Exercise requirements: Print only the lines running from the line with "Invitation d'anniversaire à" to the final line below, both included, exactly as written and without the pictures.

Recorded data:
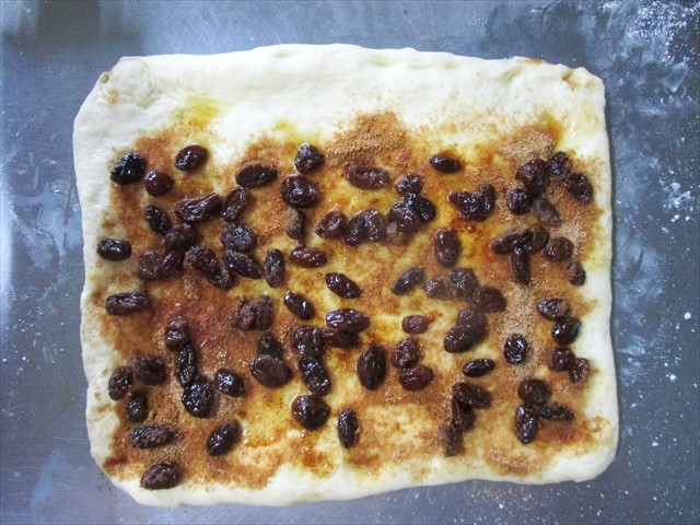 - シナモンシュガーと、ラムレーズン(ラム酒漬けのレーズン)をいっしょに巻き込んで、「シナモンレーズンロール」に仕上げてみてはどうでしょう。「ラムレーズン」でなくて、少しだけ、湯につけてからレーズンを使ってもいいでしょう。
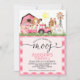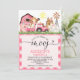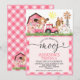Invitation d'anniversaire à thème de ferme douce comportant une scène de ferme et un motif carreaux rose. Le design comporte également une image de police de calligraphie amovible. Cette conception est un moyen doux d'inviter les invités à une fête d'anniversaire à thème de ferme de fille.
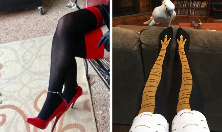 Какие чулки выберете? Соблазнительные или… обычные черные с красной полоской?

Written reply:
Invitation d'anniversaire à thème de ferme douce comportant une scène de ferme et un motif carreaux rose. Le design comporte également une image de police de calligraphie amovible. Cette conception est un moyen doux d'inviter les invités à une fête d'anniversaire à thème de ferme de fille.
 Какие чулки выберете? Соблазнительные или… обычные черные с красной полоской?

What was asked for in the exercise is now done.